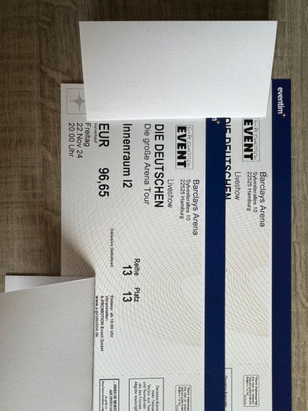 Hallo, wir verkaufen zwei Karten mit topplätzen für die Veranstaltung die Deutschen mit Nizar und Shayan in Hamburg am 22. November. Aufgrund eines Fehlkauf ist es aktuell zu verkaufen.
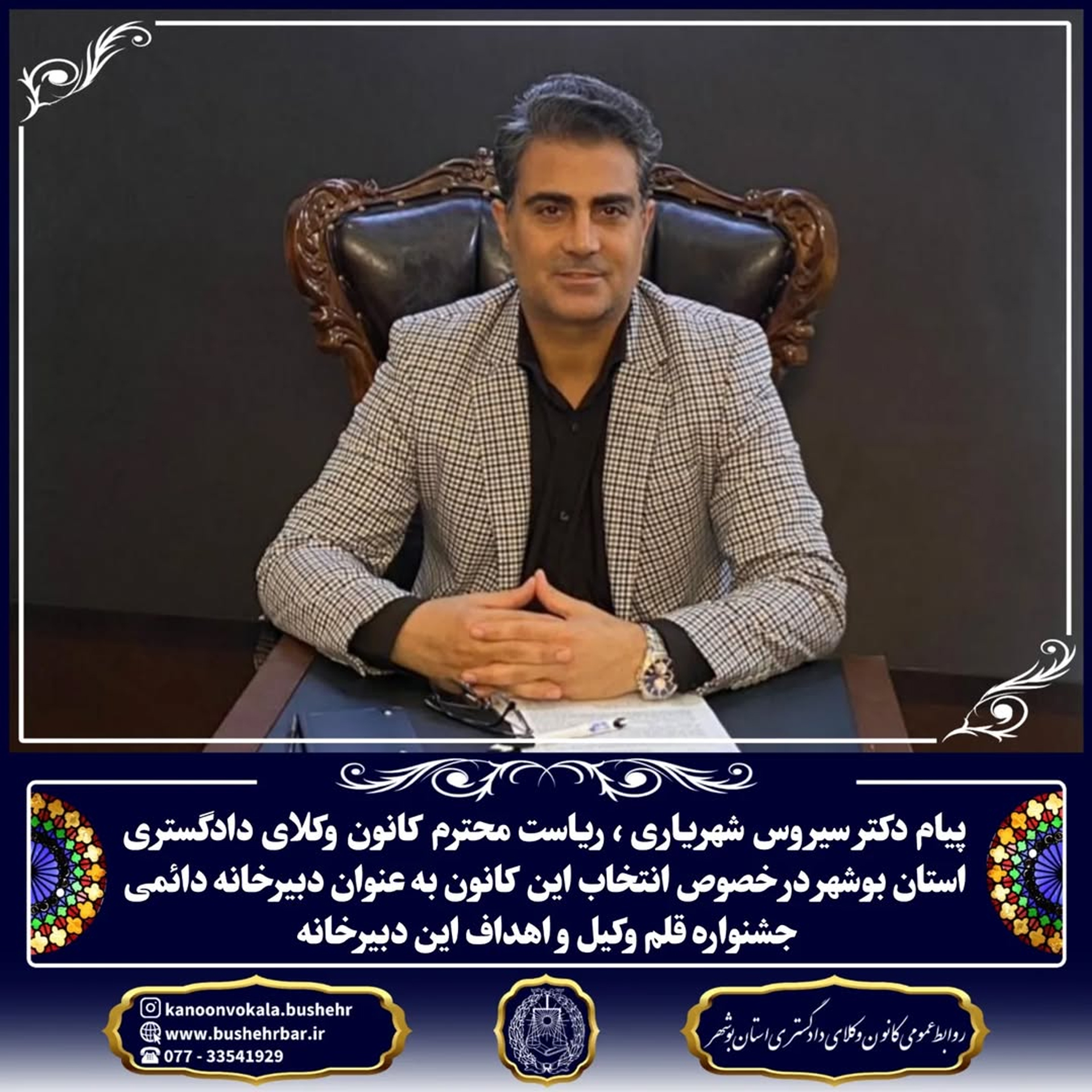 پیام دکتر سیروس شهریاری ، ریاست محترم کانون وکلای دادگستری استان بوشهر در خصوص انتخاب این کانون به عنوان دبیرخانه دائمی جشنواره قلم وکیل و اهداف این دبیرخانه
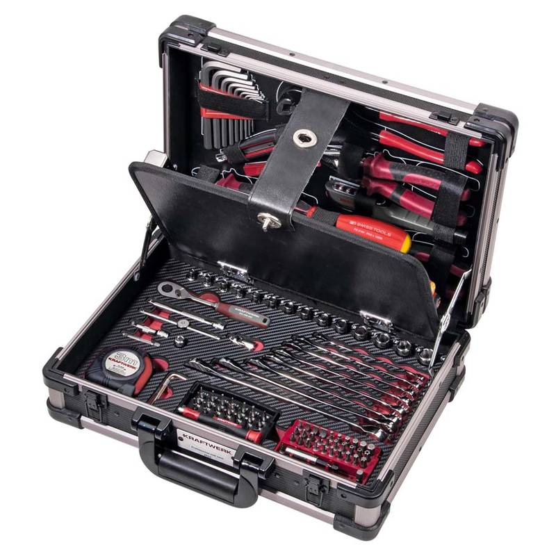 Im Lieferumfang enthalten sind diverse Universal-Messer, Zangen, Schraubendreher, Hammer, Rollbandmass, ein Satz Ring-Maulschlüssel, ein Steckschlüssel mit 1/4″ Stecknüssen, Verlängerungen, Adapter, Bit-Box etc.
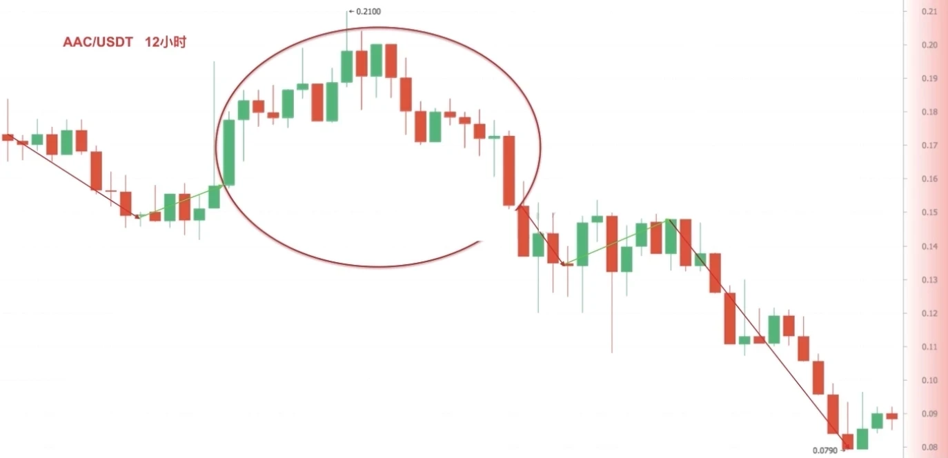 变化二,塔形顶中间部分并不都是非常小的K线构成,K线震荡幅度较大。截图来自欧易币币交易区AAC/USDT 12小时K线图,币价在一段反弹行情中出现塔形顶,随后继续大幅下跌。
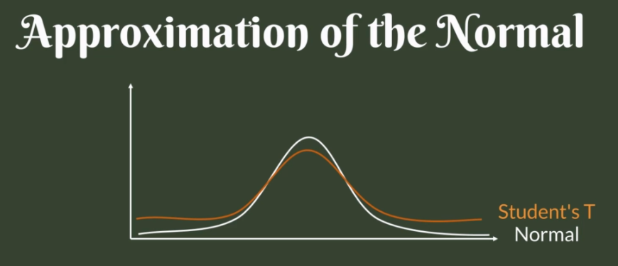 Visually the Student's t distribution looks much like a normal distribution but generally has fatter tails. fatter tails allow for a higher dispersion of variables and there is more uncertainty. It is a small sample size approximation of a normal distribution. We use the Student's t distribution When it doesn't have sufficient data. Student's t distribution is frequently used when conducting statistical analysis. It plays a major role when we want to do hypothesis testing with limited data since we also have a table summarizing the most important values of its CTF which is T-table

● ● ● ●

## Directions:
When you repeat the listing, keep it exact and leave the pictures behind.

## Answer space:
 Hallo, wir verkaufen zwei Karten mit topplätzen für die Veranstaltung die Deutschen mit Nizar und Shayan in Hamburg am 22. November. Aufgrund eines Fehlkauf ist es aktuell zu verkaufen.
 پیام دکتر سیروس شهریاری ، ریاست محترم کانون وکلای دادگستری استان بوشهر در خصوص انتخاب این کانون به عنوان دبیرخانه دائمی جشنواره قلم وکیل و اهداف این دبیرخانه
 Im Lieferumfang enthalten sind diverse Universal-Messer, Zangen, Schraubendreher, Hammer, Rollbandmass, ein Satz Ring-Maulschlüssel, ein Steckschlüssel mit 1/4″ Stecknüssen, Verlängerungen, Adapter, Bit-Box etc.
 变化二,塔形顶中间部分并不都是非常小的K线构成,K线震荡幅度较大。截图来自欧易币币交易区AAC/USDT 12小时K线图,币价在一段反弹行情中出现塔形顶,随后继续大幅下跌。
 Visually the Student's t distribution looks much like a normal distribution but generally has fatter tails. fatter tails allow for a higher dispersion of variables and there is more uncertainty. It is a small sample size approximation of a normal distribution. We use the Student's t distribution When it doesn't have sufficient data. Student's t distribution is frequently used when conducting statistical analysis. It plays a major role when we want to do hypothesis testing with limited data since we also have a table summarizing the most important values of its CTF which is T-table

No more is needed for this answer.